Aim of the task — From the first line of the material below through the line containing "Doanh nghiệp Đức", print every line exactly as it stands, but no pictures.

Supplied entries —
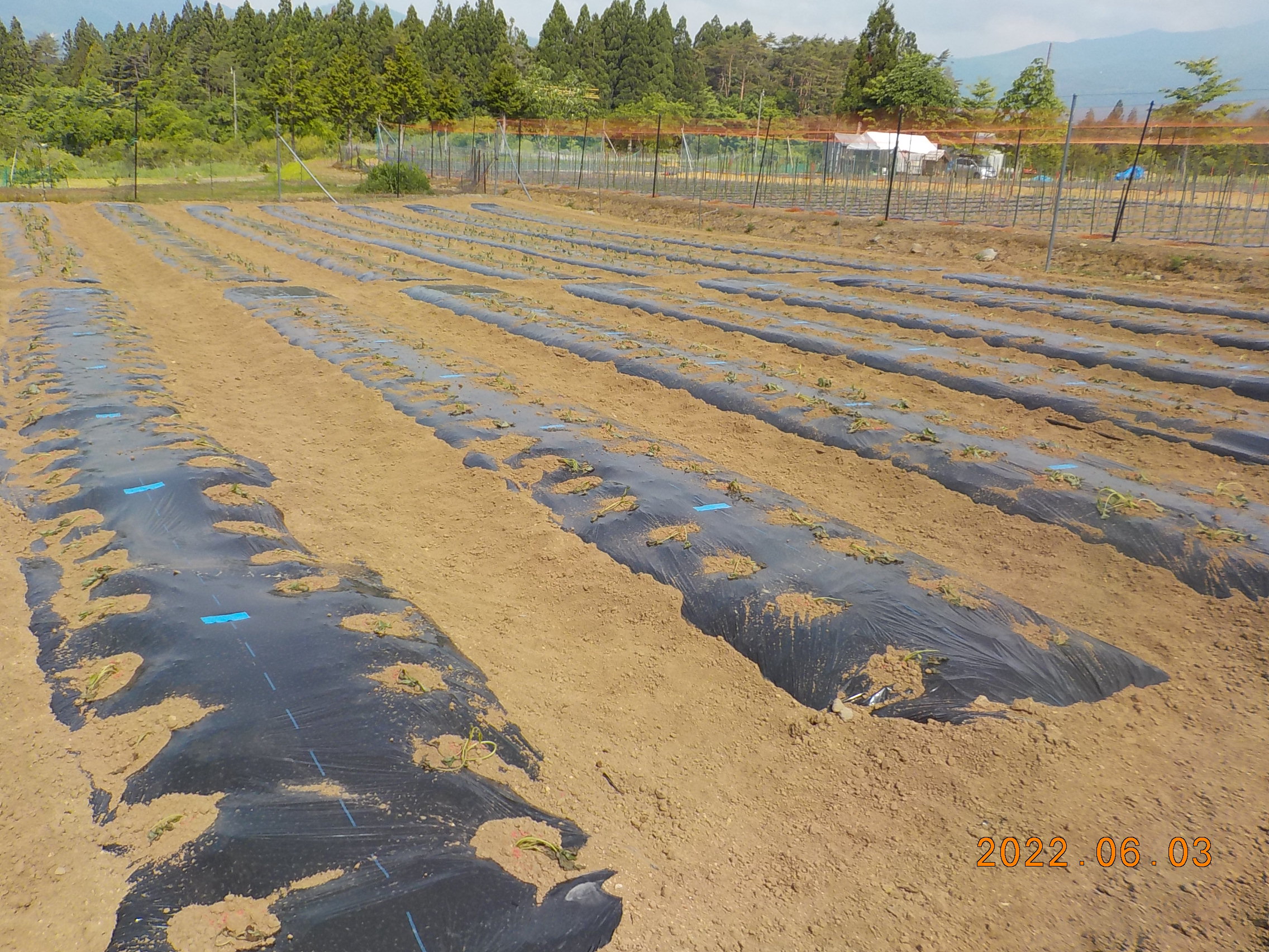 生育は、概ね良好です。トウモロコシはこれから間引きをして一本立ちにします。サツマイモは植付け直後なので萎れていますが、徐々に根が出て回復していきます。
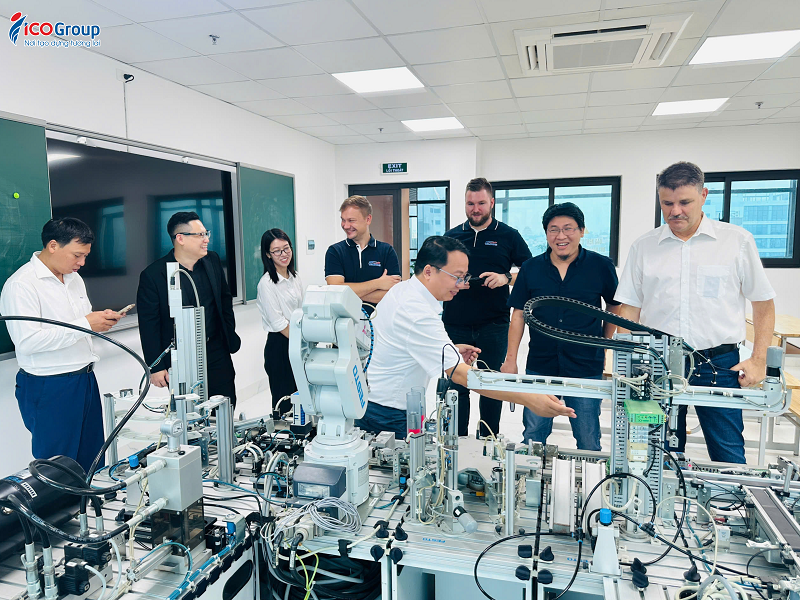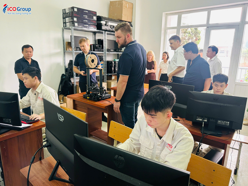 Doanh nghiệp Đức và đại diện ICOGroup tham quan cơ sở vật chất giảng dạy của Trường Cao đẳng Cơ điện Hà Nội
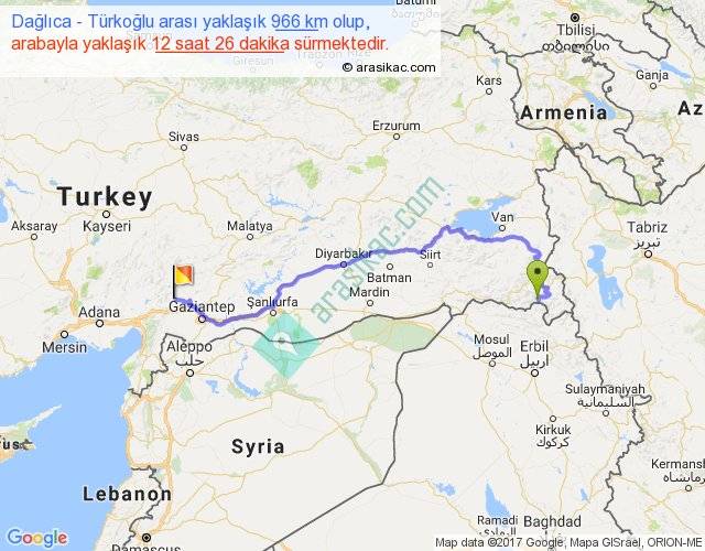 Dağlıca - Türkoğlu arası yaklaşık olarak 90 km/h ile yukarıda belirtilen sürede olup, iki yerin kuş uçuşu uzaklığı (mesafesi) 636'dir. Eğer belirtilen yerler arasında uçak seferi var ise bu süre uçakla 58 dakika'ya kadar düşebilir. Yolculuk otobüsle 16 saat 9 dakika sürmektedir.
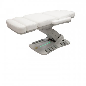Camilla de alta gama con estructura muy estable. Diseñada especialmente para optimizar el espacio de trabajo gracias a la rotación del sillón de 240º.Dispone de 4 motores que controlan la altura, la inclinación del respaldo, del asiento y del reposapiés.Reposabrazos abatibles.Las botoneras y los pedales integrados permiten un total control de los movimientos desde cualquier punto de la camilla.Incluye sistema de bloqueo por seguridad y botón de parada de emergencia.Tiene también 2 posiciones de memoria y función RST de retorno a la posición inicial.Luces LED de colores intercambiables en la base y en los botones de control.Acolchado ultrablando de gran confort con tapizado PU blanco de alta calidad. Este producto está diseñado según reglamento de productos sanitarios 2017/745.
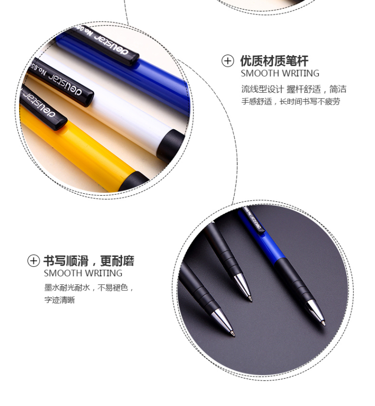 商品名称:得力(deli) 6505 圆珠笔中油笔 0.7mm子弹头按动笔 办公用品 蓝色 12支装
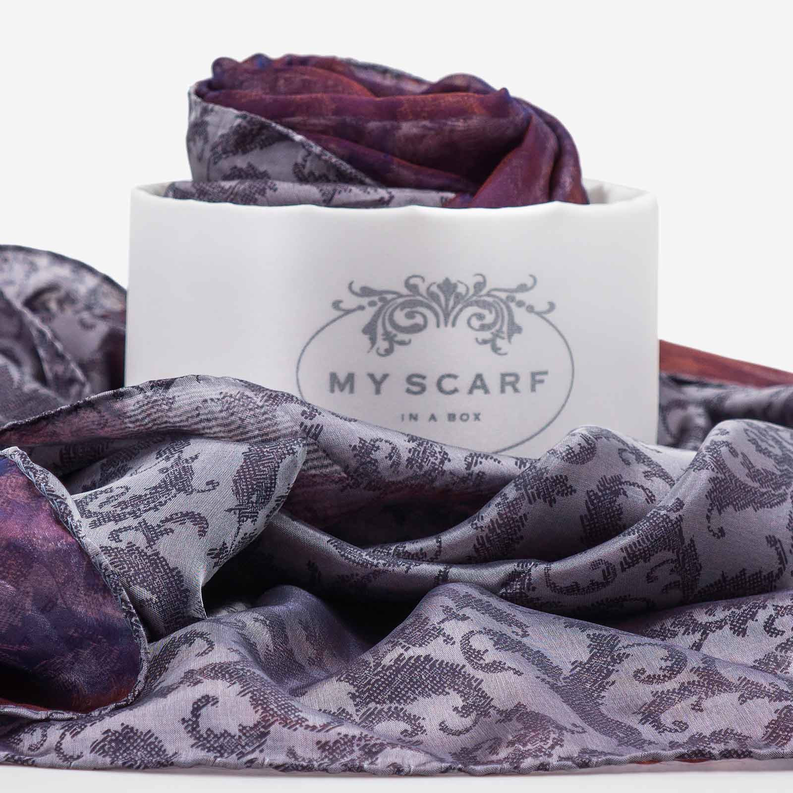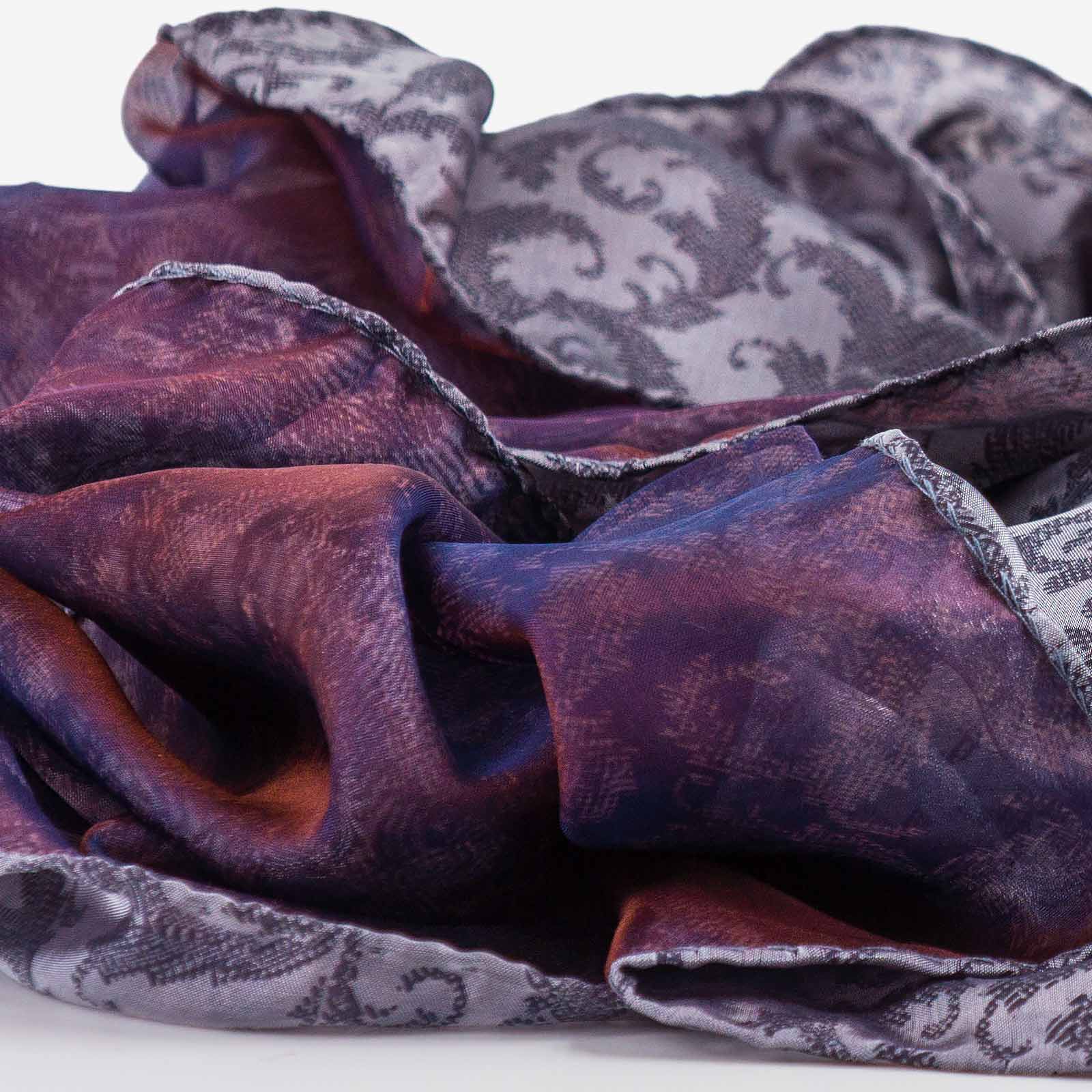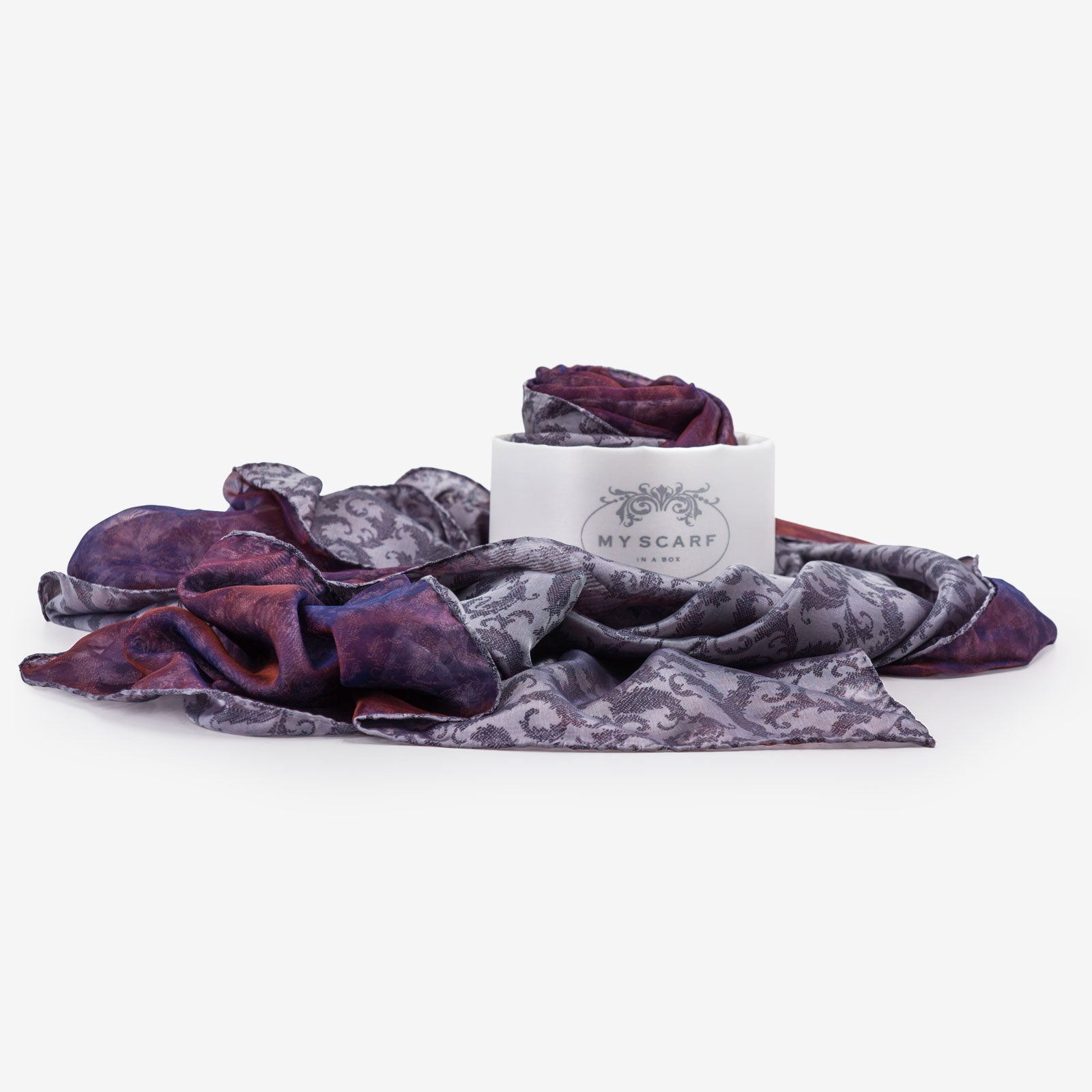 Silk and modal double-sided scarf with printed floral motifs. Shades of Intense Purple and Silver as a tribute to the Tuscan capital and its winery tradition.

Reply to the exercise —
 生育は、概ね良好です。トウモロコシはこれから間引きをして一本立ちにします。サツマイモは植付け直後なので萎れていますが、徐々に根が出て回復していきます。
 Doanh nghiệp Đức và đại diện ICOGroup tham quan cơ sở vật chất giảng dạy của Trường Cao đẳng Cơ điện Hà Nội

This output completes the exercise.